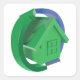 Una casa verde con flechas verdes alrededor. Este diseño parece realmente efectivo para estos Pegatinas
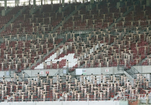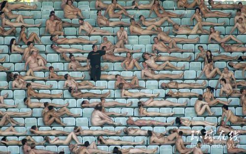 ▲2008年5月12日报道 奥地利维也纳的Ernst Happel足球场是今年欧洲足球锦标赛决赛场地。5月11日,大约1800人聚集在这里参加活动,有趣的是这些人都没穿衣服。
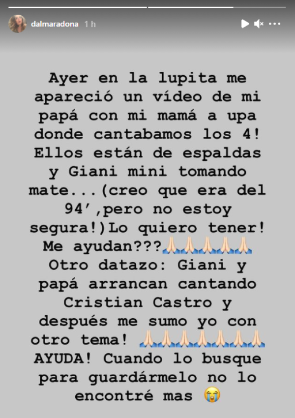“¡Lo quiero tener! ¿¿¿Me ayudan???”, agregó con un pedido para su más de un millón y medio de seguidores en la plataforma. “Otro datazo: ¡Giani y papá arrancan cantando Cristian Castro y después me sumo yo con otro tema! ¡Sale AYUDA! Cuando lo busqué para guardármelo, no lo encontré más”, concluyó Dalma Maradona.
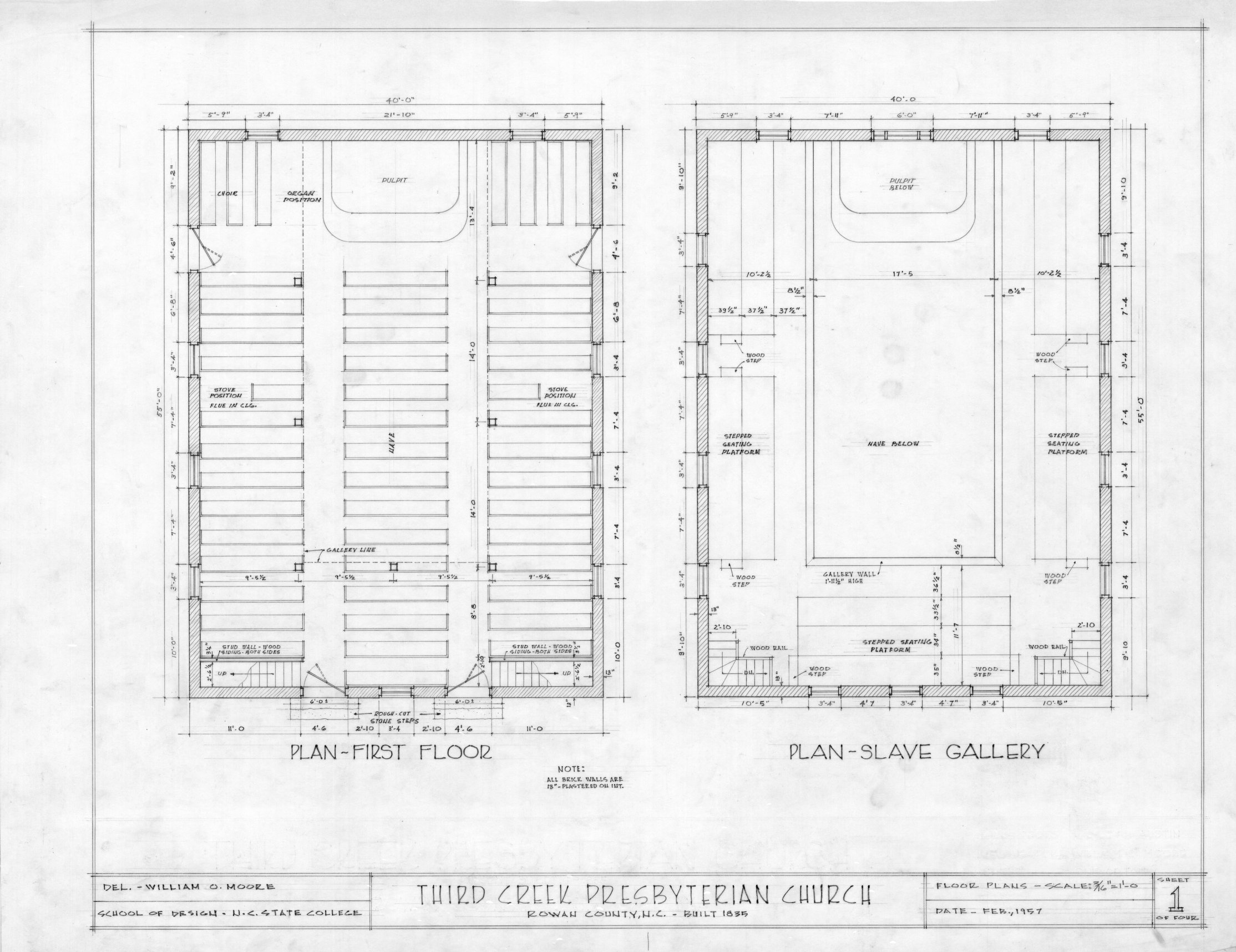 Take Third Creek Presbyterian Church itself. No resource I consulted about it – not Fleming’s history, or Davyd Foard Hood’s architectural survey, or the National Register of Historic Places nomination form – prepared me for seeing the architectural renderings below, which represent vividly the status of African Americans in this congregation before the Civil War. What everyone else had referred to simply as the “balcony” of the church is here called what it actually was: the slave gallery, a phrase which both reminds us of the presence of African American worshippers in this religious community and literally puts those worshippers in their place. (After Nat Turner’s slave rebellion in Virginia in 1831, North Carolina law explicitly forbade any black person, slave or free, from preaching in public, or leading “any prayer meeting, or association for worship where slaves of different families are collected together,” thus effectively banning black churches, though slaves continued to develop their own “invisible” religious institutions.)

• _Your assignment_:
The data needs to be reproduced exactly, please, apart from its pictures.

• _Answer section_:
 Una casa verde con flechas verdes alrededor. Este diseño parece realmente efectivo para estos Pegatinas
 ▲2008年5月12日报道 奥地利维也纳的Ernst Happel足球场是今年欧洲足球锦标赛决赛场地。5月11日,大约1800人聚集在这里参加活动,有趣的是这些人都没穿衣服。
“¡Lo quiero tener! ¿¿¿Me ayudan???”, agregó con un pedido para su más de un millón y medio de seguidores en la plataforma. “Otro datazo: ¡Giani y papá arrancan cantando Cristian Castro y después me sumo yo con otro tema! ¡Sale AYUDA! Cuando lo busqué para guardármelo, no lo encontré más”, concluyó Dalma Maradona.
 Take Third Creek Presbyterian Church itself. No resource I consulted about it – not Fleming’s history, or Davyd Foard Hood’s architectural survey, or the National Register of Historic Places nomination form – prepared me for seeing the architectural renderings below, which represent vividly the status of African Americans in this congregation before the Civil War. What everyone else had referred to simply as the “balcony” of the church is here called what it actually was: the slave gallery, a phrase which both reminds us of the presence of African American worshippers in this religious community and literally puts those worshippers in their place. (After Nat Turner’s slave rebellion in Virginia in 1831, North Carolina law explicitly forbade any black person, slave or free, from preaching in public, or leading “any prayer meeting, or association for worship where slaves of different families are collected together,” thus effectively banning black churches, though slaves continued to develop their own “invisible” religious institutions.)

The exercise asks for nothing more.